Here is a progress report on this front, for January 2023.

On the development side of things, I have started to tackle the first tasks suggested by the dependency graph above. Specifically, I have worked on:

  • Unified HTTP API to apply operations (#5539)
  • Warn users of history entry loss (#3184)
  • Row/record preservation metadata in the backend (#5561)
  • Preservation of pagination for the undo functionality (#572)

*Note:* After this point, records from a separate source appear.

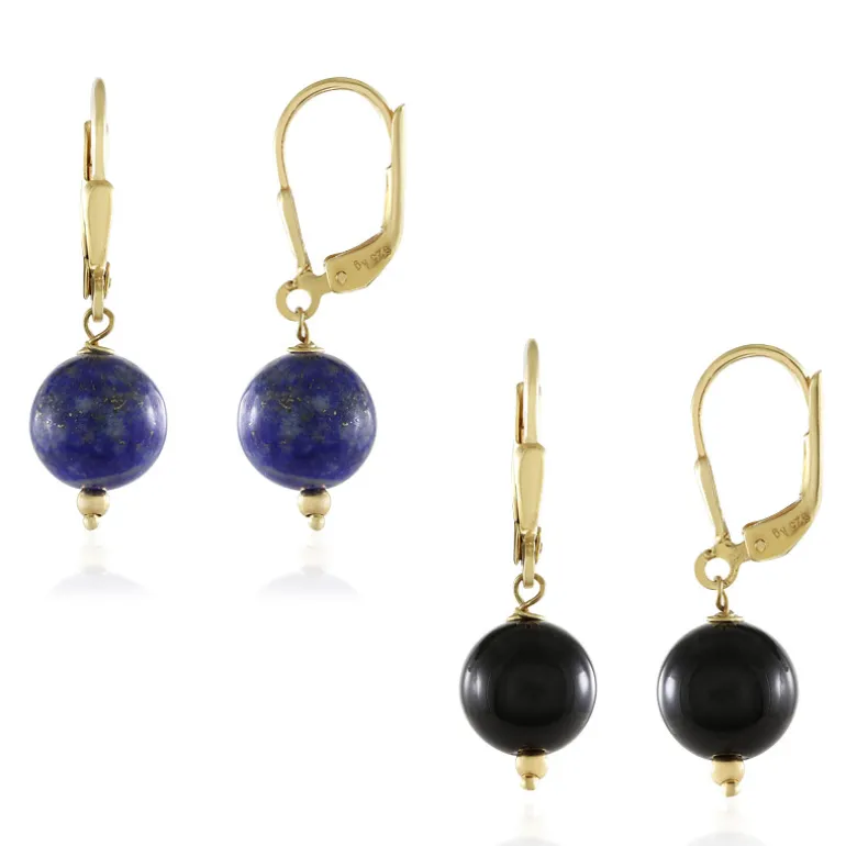 Lapis & Onyx Goldplattierte Silberohrringe
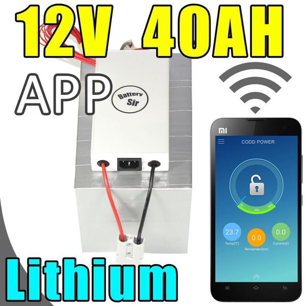 12 в 40ah литиевая батарея приложение дистанционного управления bluetooth электрический велосипед солнечной энергии аккумулятор скутер ebike
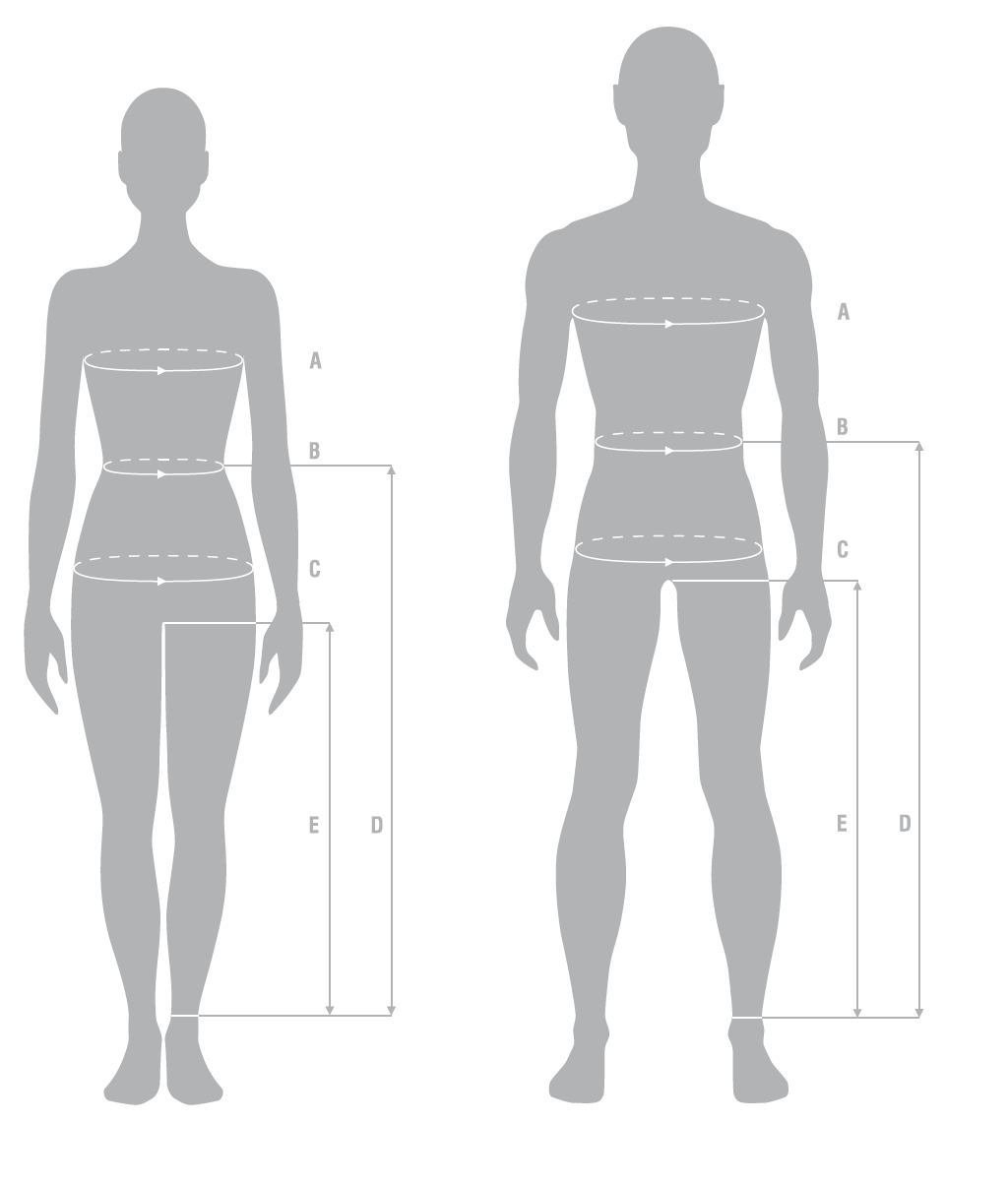 C – Hips: measure around the fullest part of your hips, keeping the tape horizontal.
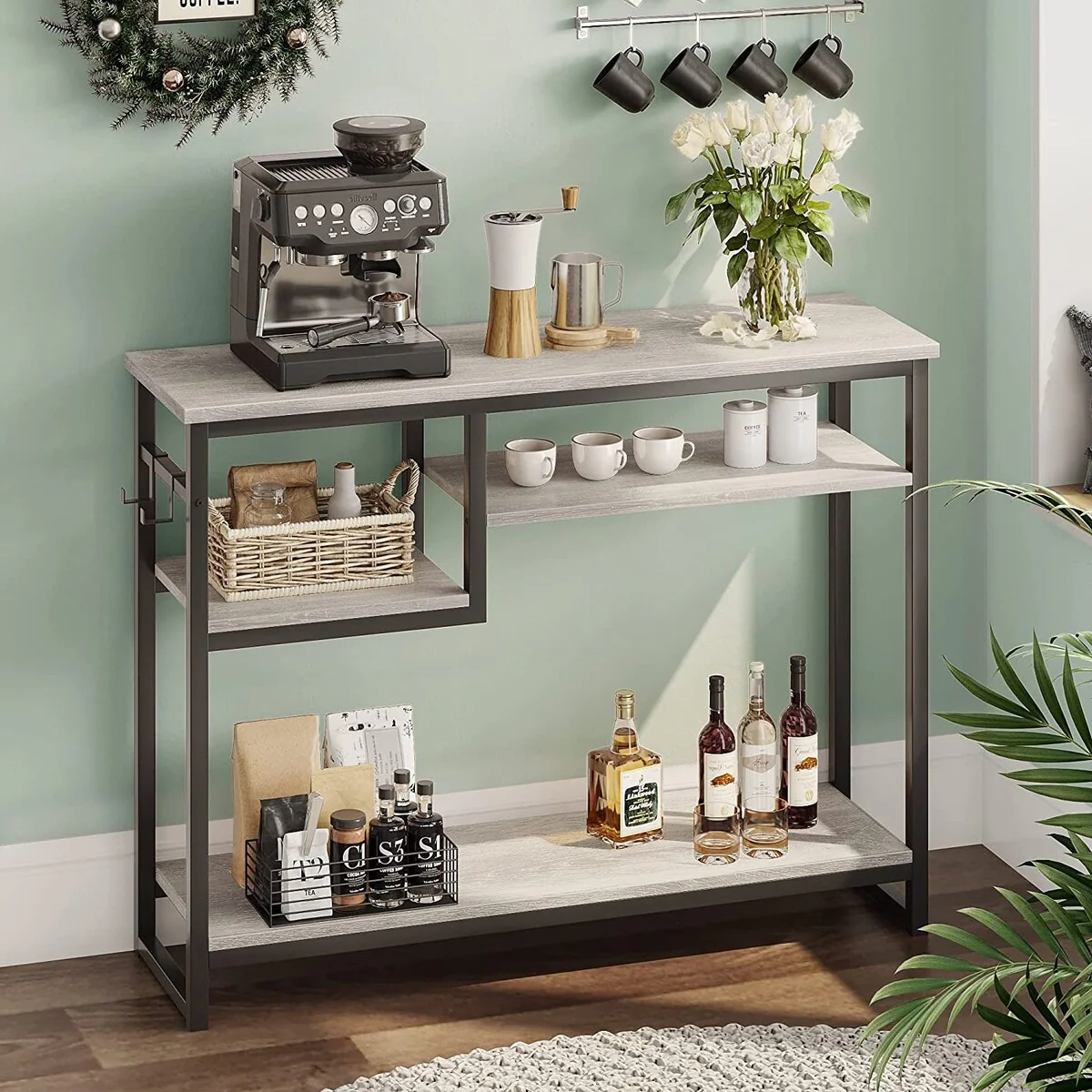Narrow Console Table with 4 Storage Shelves Rustic
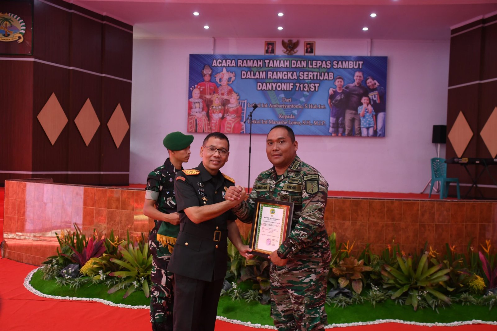 Kepada Letkol Inf Ambariyantomo beserta istri yang akan berpindah tugas sebagai Dansecaba Rindam XIII/Merdeka, Danrem mengucapkan terima kasih dan memberikan apresiasinya atas kerja keras dan keberhasilan yang telah diraih selama menahkodai Yonif 713/Satya Tama.
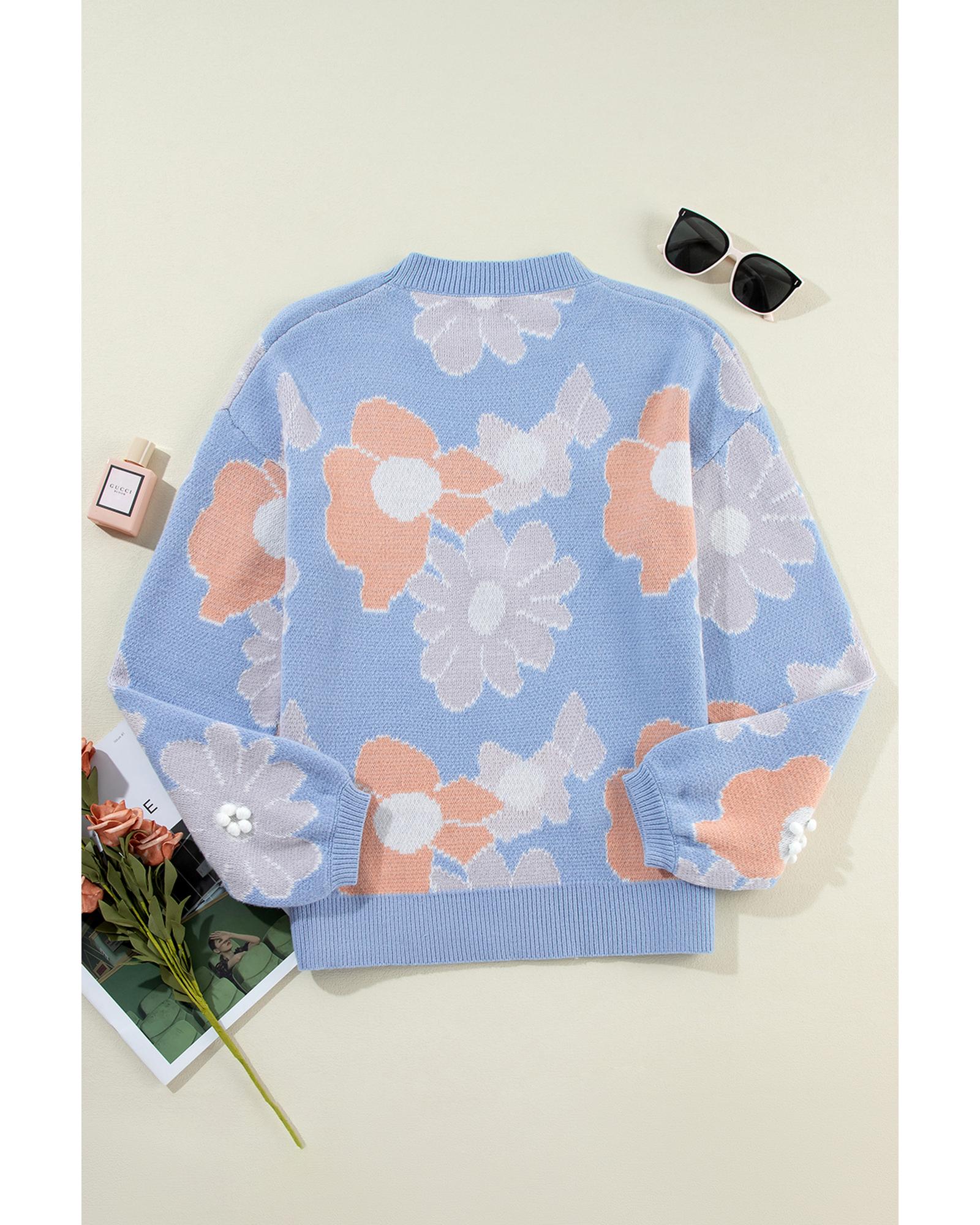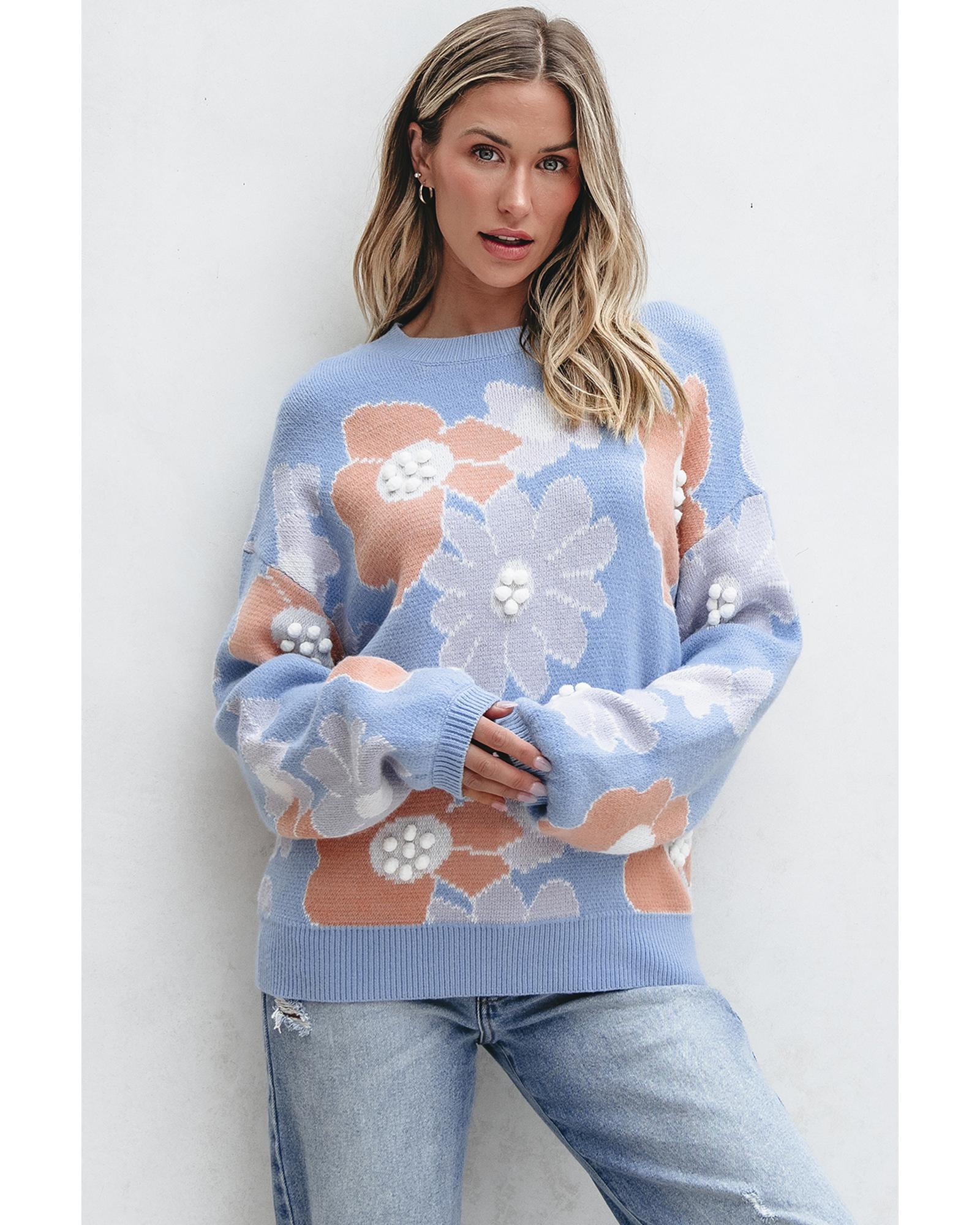 Beau Blue Floral O Neck Drop Shoulder Knitted Sweater – M
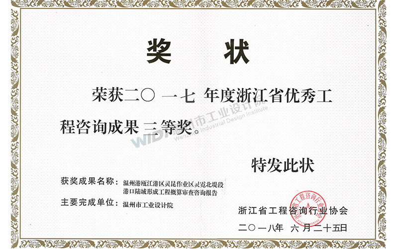 溫州港甌江港區(qū)靈昆作業(yè)區(qū)靈霓北堤段港口陸域形成工程概算審查咨詢報(bào)告 省優(yōu)秀工程咨詢成果三等獎
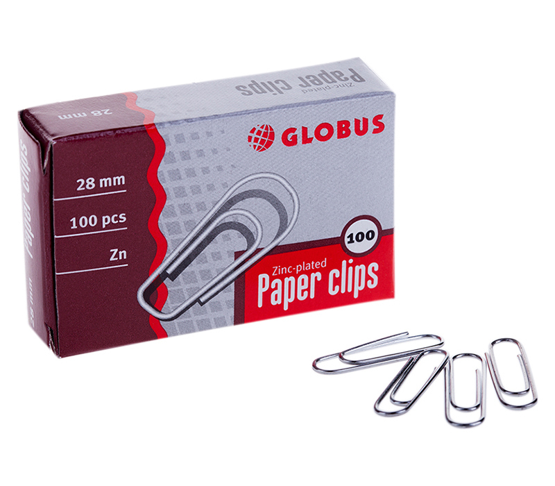 Скрепки канцелярские Globus 28 мм металлические оцинкованные, 100 штук в картонной коробке

My goal with this was to strike a balance between internal refactoring and user-facing features. Even if the latter ones are rather low-hanging fruits and not necessarily very representative of the benefits the project will bring on the long term, it feels important to me to have some things to show for regularly. Those user-facing changes were also a good occasion to get insightful feedback from other contributors, for instance with suggestions of support for branching project histories, which could totally be in scope for this project. I cannot guarantee that I will be able to retain this way of working at all times: there will definitely be phases where I need to work longer on some internal architecture, without user-facing changes being immediately available. I also acknowledge @tfmorris’ encouragement not to do peace-meal changes and aim for the end state more directly.

My next task is the support for partial change data serialization. Broadly speaking, this is about making it possible for OpenRefine to store intermediate results of long-running operations such as reconciliation, such that we can resume an interrupted reconciliation operation (#87) or show the first few reconciled rows before the entire project data is processed (#5541). Those are features where I will need more design input from the community - I will open specific forum threads for that.

I have also been working on documentation. I want to write a good architectural overview of the new architecture and a migration guide for extension developers, but before I get to that, it felt necessary to do a big clean up of the existing technical documentation. This is long overdue since the technical reference on was still a mostly disorganized copy of some wiki pages, with fairly outdated content. Given that we will likely have prospective interns coming to contribute, it also feels timely to get our house in order before that. I have also worked on improving the Javadoc for the new architecture. The goal is that we can publish Javadocs we can be proud of (#2311) and serve as complement to the high-level architectural overview in the technical reference.

Let me know if you wish for different priorities or ways of working. And get ready for more exciting user-facing changes, which should hopefully appear soon for your review :slight_smile: